## Brief
The lines below must be transcribed exactly as given, with the images removed.

(Dataset records)
**********
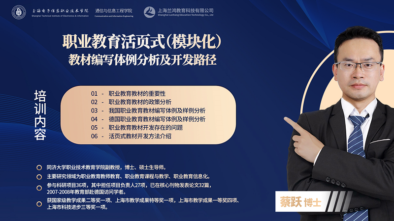 本期培训于2022年4月21日举办,特别邀请了同济大学职业技术教育学院蔡跃博士做客腾讯会议直播间,开展了 “职业教育活页式(模块化)教材编写体例分析及开发路径”的专题分享。
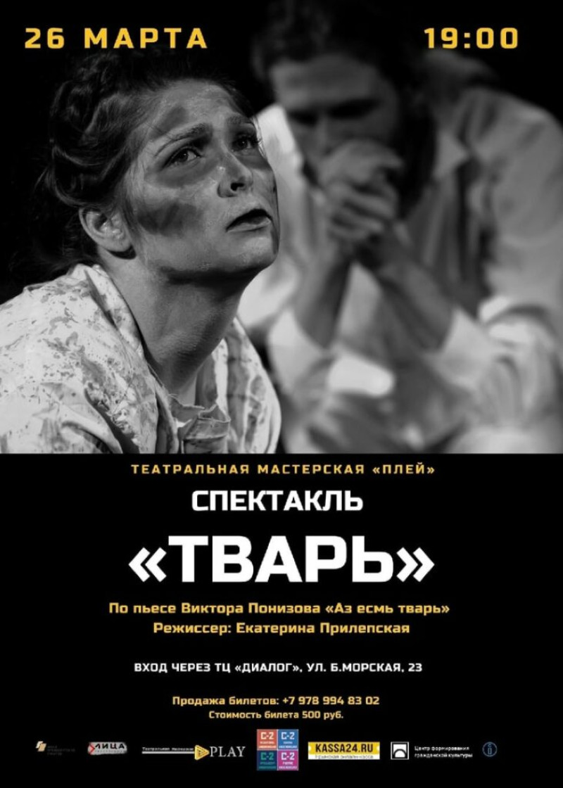 Ещё один спектакль от Театральной мастерской PLAY – «Тварь» – пройдёт в арт-пространстве «Глубина» на следующей неделе, 26 марта. Это будет постановка по пьесе Виктора Понизова «Аз есмь тварь». Спектакль был поставлен в 2016 году, а в 2017-м победил на фестивале малых театральных форм «Закрытый показ» в двух номинациях: «Прорыв года» и «Лучшая женская роль».
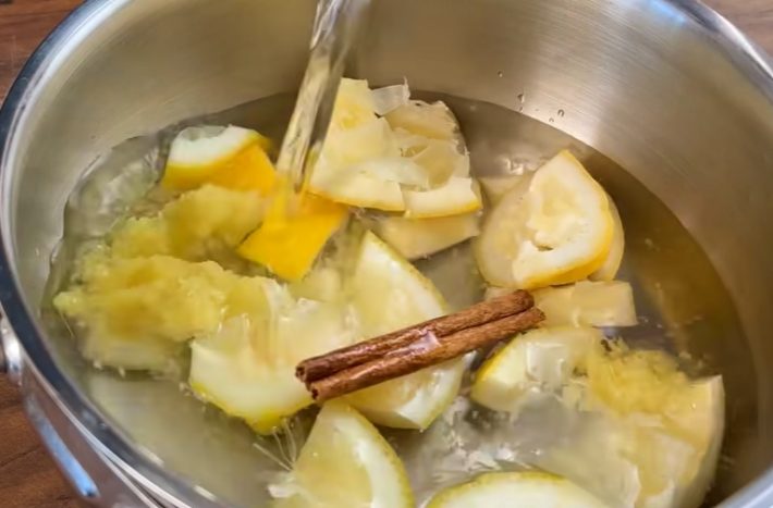 Umytą cytrynę przekroić na pół i wycisnąć z nich cały sok. Pozostałe części cytryny pokroić na mniejsze kawałki i wrzucić do garnka. Obierz kawałek imbiru, zetrzyj go na grubej tarce i dodaj do garnka z cytryną. Dodaj laskę cynamonu, wodę i postaw garnek na kuchence.
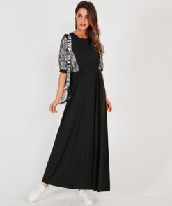 summer new women long dress 2021 black casual fashion snake print stitching elastic waist o-neck half sleeve maxi dresses robe
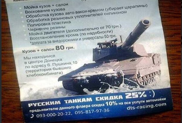 Досетливите жители на Донецк одлучиле да се пошегуваат и отпечатиле флаери за автопералница во која се дава попуст за миење на руските тенкови. Некој би рекол ништо посебно, се снашле во кризна состојба, но она што паѓа в очи е дека на руските тенкови кои многумина од жителите на Донецк со нетрпение ги очекуваат им се нуди 25 проценти намалување за миење во споменатата пералница.
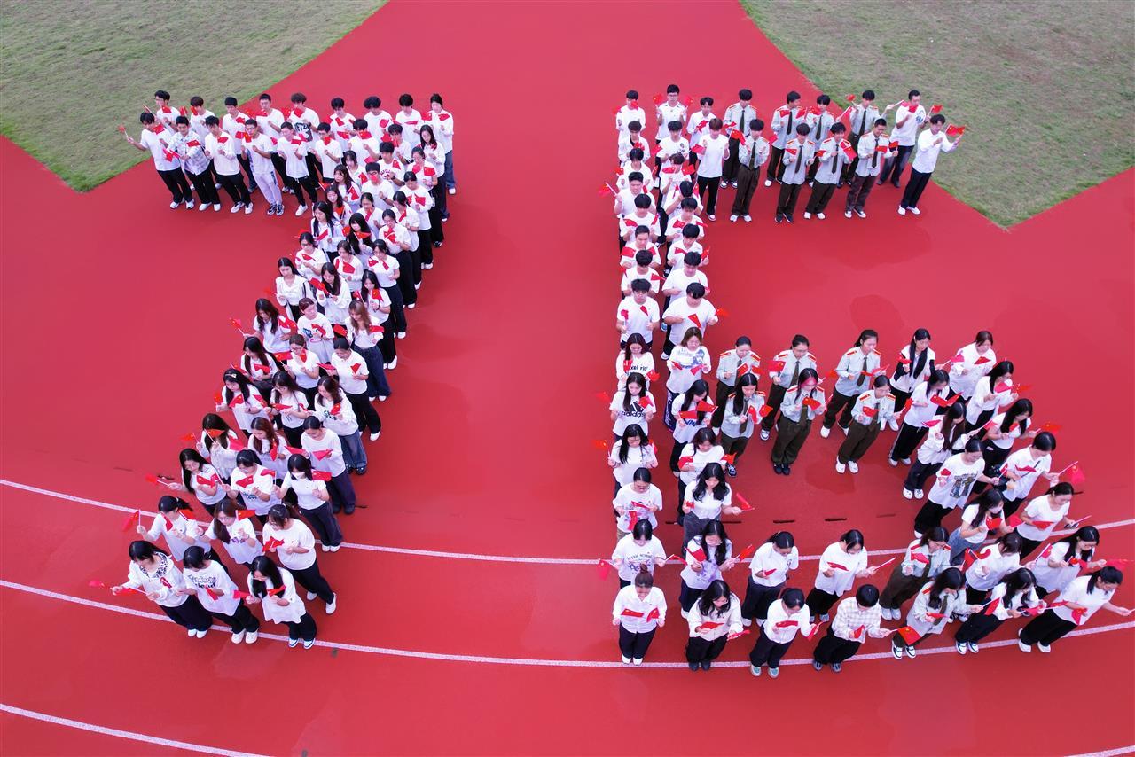 升旗仪式过后,全体学生用响亮的声音齐声欢呼:“祖国生日快乐,我爱你!”并摆出数字“76”的字样,表达对祖国母亲深深的热爱。
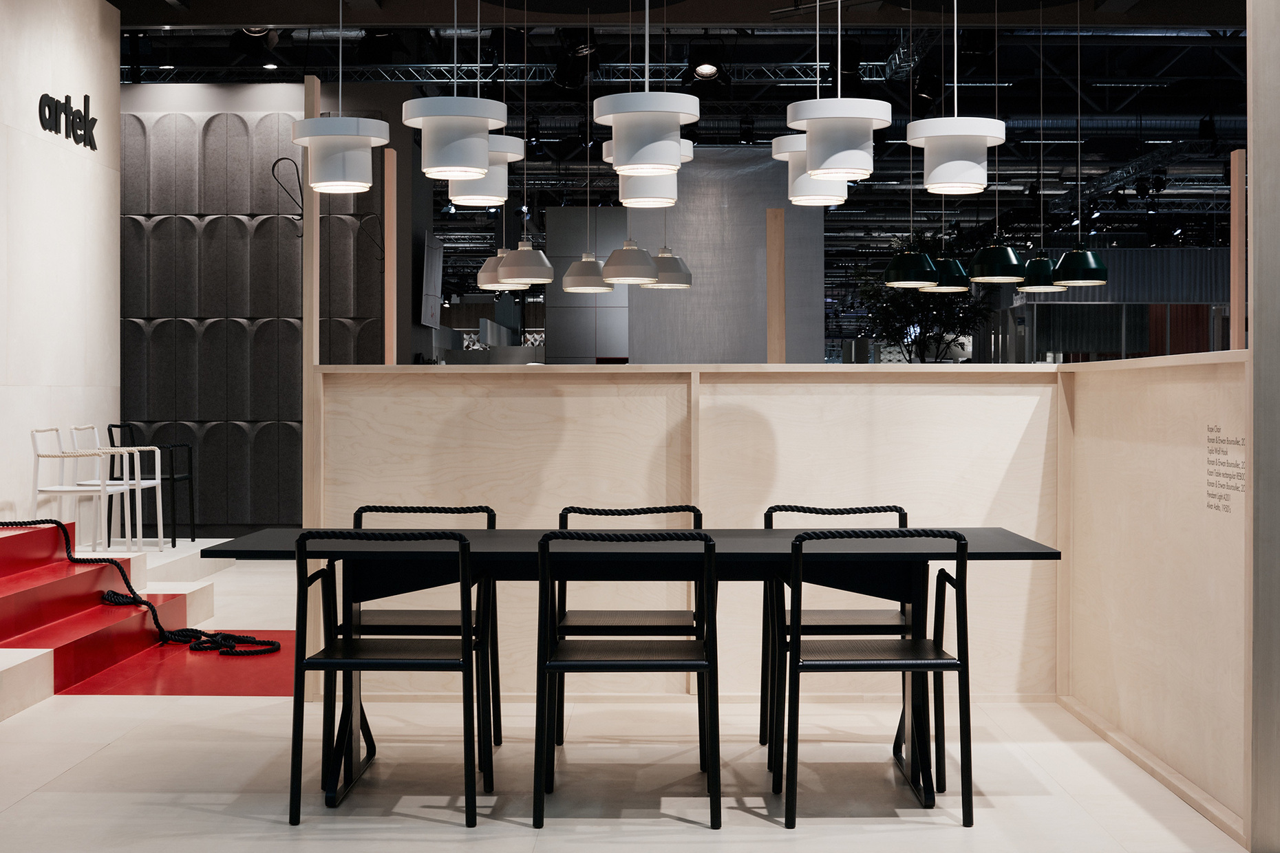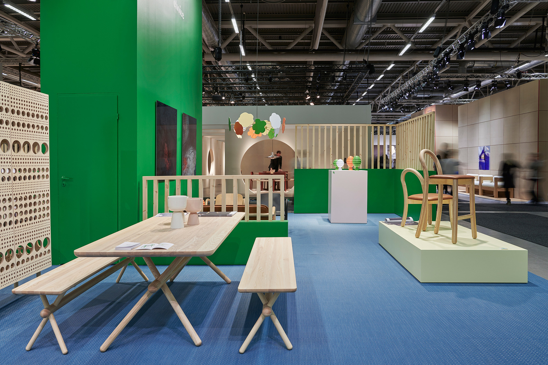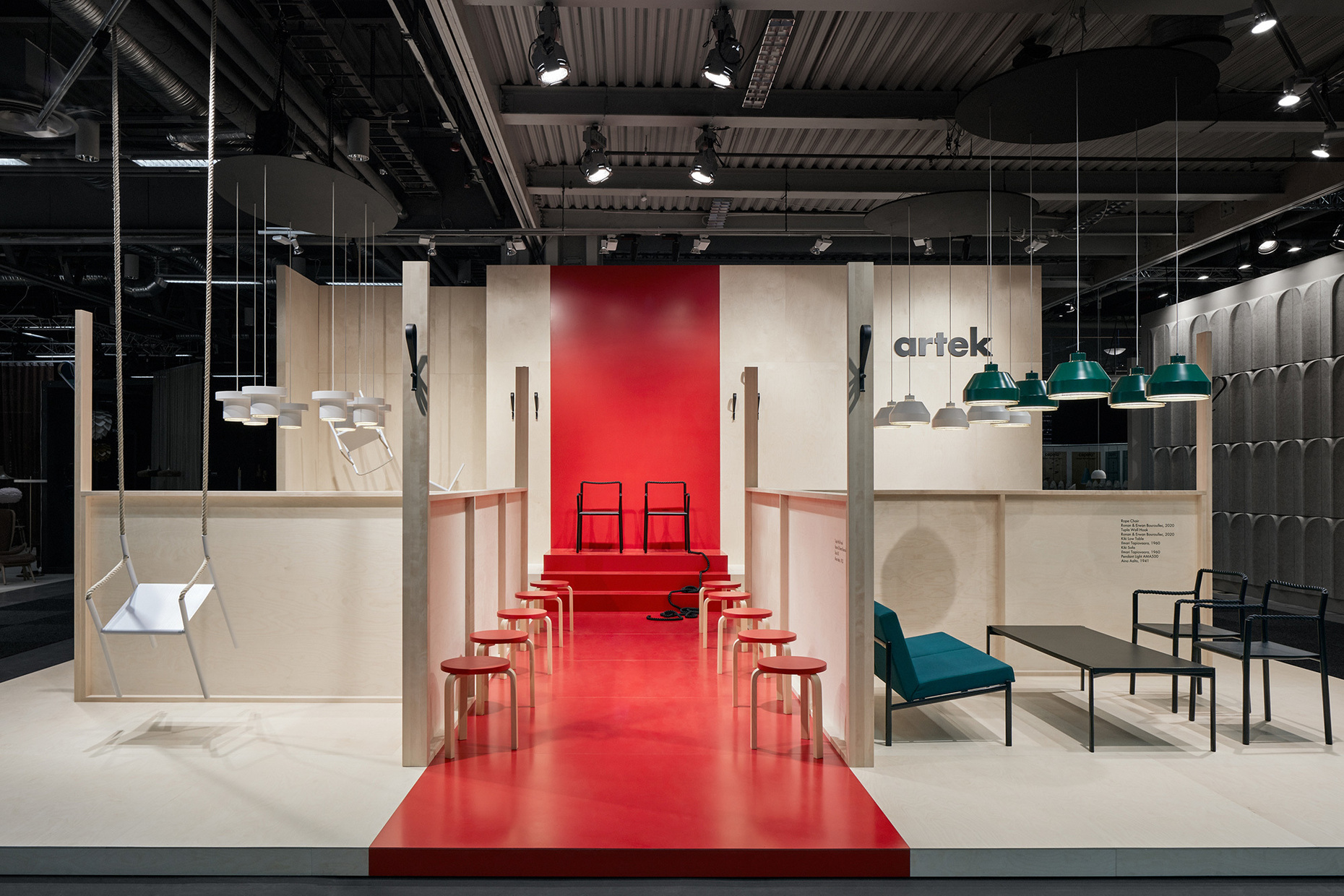 Das sind gute Nachrichten auch für die Stockholm Furniture Fair, deren internationaler Erfolg auf Gedeih und Verderb mit demjenigen der skandinavischen Möbelindustrie verknüpft ist. Auch die Messe selbst versucht mit innovativen Konzepten ihre Stellung abzusichern. Zum dritten Mal wurde die Konferenzhalle zu einer Mischung aus Restaurant, Lounge und Auditorium gestaltet – dieses Mal nach Entwürfen von Fredrik Paulsen, der ein neo-postmodernes Ambiente gestaltet hat, dass an die kunterbunten Architekturen von Charles Moore und Michael Graves erinnert. Das Foyer war dagegen wie in den vergangenen Jahren die Wirkungsstätte des Ehrengastes – 2020 waren dies Nipa Doshi und Jonathan Levien. Das Londoner Designerduo gestalteten einen beeindruckend schönen Pavillon aus Sperrholz, in dessen gewölbten Innenräumen sie ihr bisheriges Schaffen ausbreiteten.
**********
## Task answer
 本期培训于2022年4月21日举办,特别邀请了同济大学职业技术教育学院蔡跃博士做客腾讯会议直播间,开展了 “职业教育活页式(模块化)教材编写体例分析及开发路径”的专题分享。
 Ещё один спектакль от Театральной мастерской PLAY – «Тварь» – пройдёт в арт-пространстве «Глубина» на следующей неделе, 26 марта. Это будет постановка по пьесе Виктора Понизова «Аз есмь тварь». Спектакль был поставлен в 2016 году, а в 2017-м победил на фестивале малых театральных форм «Закрытый показ» в двух номинациях: «Прорыв года» и «Лучшая женская роль».
 Umytą cytrynę przekroić na pół i wycisnąć z nich cały sok. Pozostałe części cytryny pokroić na mniejsze kawałki i wrzucić do garnka. Obierz kawałek imbiru, zetrzyj go na grubej tarce i dodaj do garnka z cytryną. Dodaj laskę cynamonu, wodę i postaw garnek na kuchence.
 summer new women long dress 2021 black casual fashion snake print stitching elastic waist o-neck half sleeve maxi dresses robe
 Досетливите жители на Донецк одлучиле да се пошегуваат и отпечатиле флаери за автопералница во која се дава попуст за миење на руските тенкови. Некој би рекол ништо посебно, се снашле во кризна состојба, но она што паѓа в очи е дека на руските тенкови кои многумина од жителите на Донецк со нетрпение ги очекуваат им се нуди 25 проценти намалување за миење во споменатата пералница.
 升旗仪式过后,全体学生用响亮的声音齐声欢呼:“祖国生日快乐,我爱你!”并摆出数字“76”的字样,表达对祖国母亲深深的热爱。
 Das sind gute Nachrichten auch für die Stockholm Furniture Fair, deren internationaler Erfolg auf Gedeih und Verderb mit demjenigen der skandinavischen Möbelindustrie verknüpft ist. Auch die Messe selbst versucht mit innovativen Konzepten ihre Stellung abzusichern. Zum dritten Mal wurde die Konferenzhalle zu einer Mischung aus Restaurant, Lounge und Auditorium gestaltet – dieses Mal nach Entwürfen von Fredrik Paulsen, der ein neo-postmodernes Ambiente gestaltet hat, dass an die kunterbunten Architekturen von Charles Moore und Michael Graves erinnert. Das Foyer war dagegen wie in den vergangenen Jahren die Wirkungsstätte des Ehrengastes – 2020 waren dies Nipa Doshi und Jonathan Levien. Das Londoner Designerduo gestalteten einen beeindruckend schönen Pavillon aus Sperrholz, in dessen gewölbten Innenräumen sie ihr bisheriges Schaffen ausbreiteten.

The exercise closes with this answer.